Frankly speaking, I don't see any gap, nor is it a question of pedantism, nor do we have to choose between the two ungrammatical variants. The idea of a recurrent action can be expressed through an adverb of frequency:

- Что вы *обычно* делаете в субботу утром?
- В субботу утром я *обычно* гуляю с собакой.


----------



## morzh

ahvalj said:


> we have to chose between two illogical constructions.



Speak for yourself. There are perfectly fine constructs that personally I choose from.


----------



## ahvalj

Garbuz said:


> Frankly speaking, I don't see any gap, nor is it a question of pedantism, nor do we have to choose between the two ungrammatical variants. The idea of a recurrent action can be expressed through an adverb of frequency:
> 
> - Что вы *обычно* делаете в субботу утром?
> - В субботу утром я *обычно* гуляю с собакой.

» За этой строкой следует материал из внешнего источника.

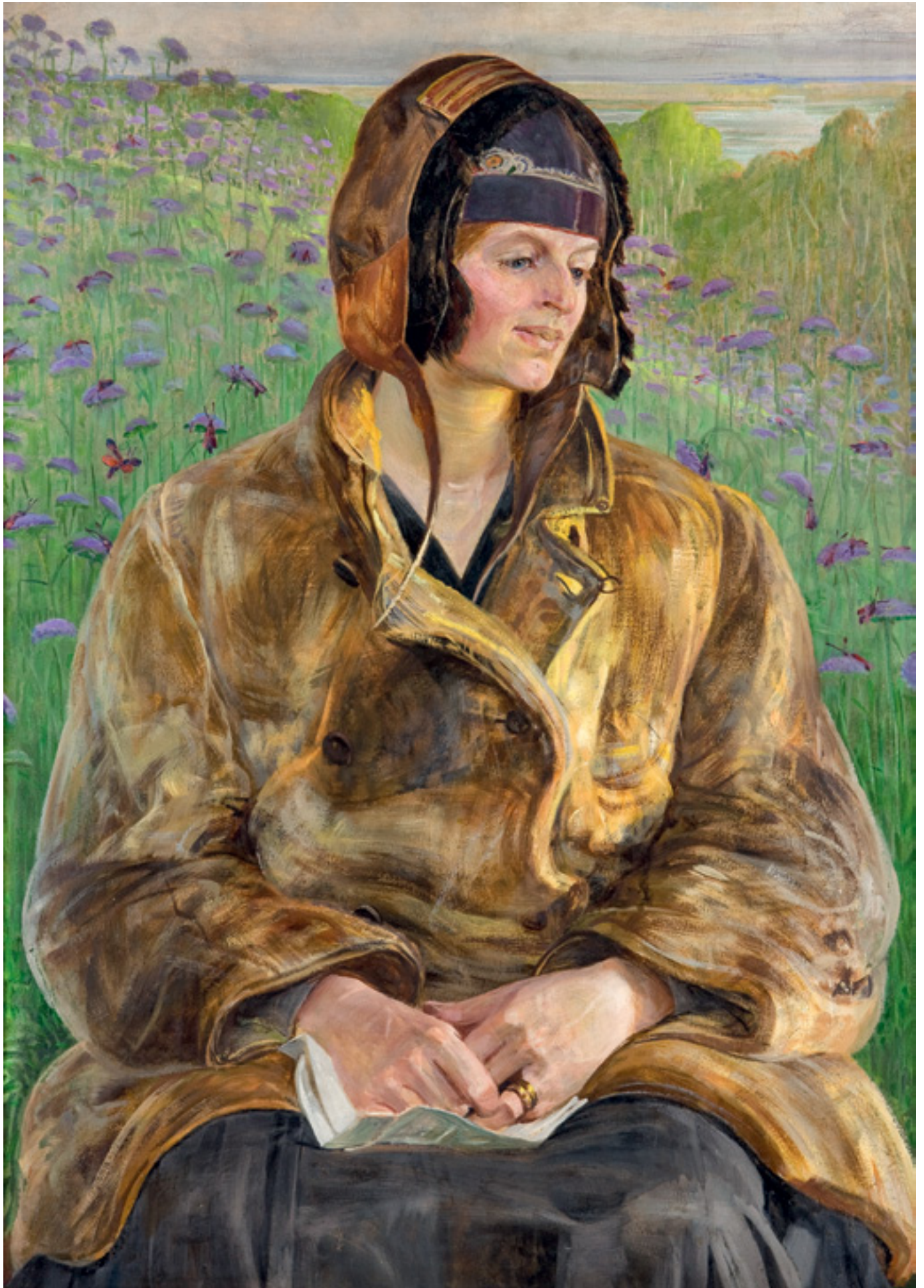
Ellenai , 1910, olej na tekturze, 100 × 70 cm Ellenai , 1910, oil on cardboard, 100 × 70 cm

«Вечерами по субботам я гуляю с собакой». «Питер бегает вечерами по субботам». This is the flawless construction. Since «утрами» has disappeared (see the beginnings of this thread), the language had to replace it with something, and found only the clumsy ways we are debating here. We are not discussing how to make the structure crystally clear by adding adverbs: Enigma's question was to translate an English phrase according to a pattern. What we were trying to do.


----------



## ahvalj

morzh said:


> Speak for yourself. There are perfectly fine constructs that personally I choose from.



Many languages have two Pl. 1 forms: the so called inclusive (me/we with you) and the exclusive (me/we without you). Let's regard my "we have" as an example of the exclusive Pl. 1.


----------



## Rosett

Maroseika said:


> Exactly so.


Означает что он может бегать в любую субботу утром.


----------



## Rosett

morzh said:


> This means on-time action.
> "Пальцем в небо", в общем.


On-time  
Петя бежит в субботу утром.


----------



## morzh

rosett said:


> on-time
> Петя бежит в субботу утром.



И бегает, и бежит - если в субботу утром, то один раз.
Разница только между глаголами "бегать" и "бежать"
Бегать можно на стадионе по кругу, т.ле. заниматься бегом; бежать можно куда-то.

Он бежит в субботу утром - он собирается на пробежку, из, скажем, пункта А в пункт Б. Бежит на пляж из дому. Один раз.
Он бегает в субботу утром - он, к примеру, пойдет на стадион, в субботу утром, и будет там круги нарезать. Один раз. Может, он и каждую субботу бегает, но из этого предложения это не следует.


----------



## Garbuz

ahvalj said:


> «Вечерами по субботам я гуляю с собакой». «Питер бегает вечерами по субботам». This is the flawless construction. Since «утрами» has disappeared (see the beginnings of this thread), the language had to replace it with something, and found only the clumsy ways we are debating here. We are not discussing how to make the structure crystally clear by adding adverbs: Enigma's question was to translate an English phrase according to a pattern. What we were trying to do.


 

As flawless as 
- Вода в озере чистая?
- Воды (???) озера вполне пригодны для купания.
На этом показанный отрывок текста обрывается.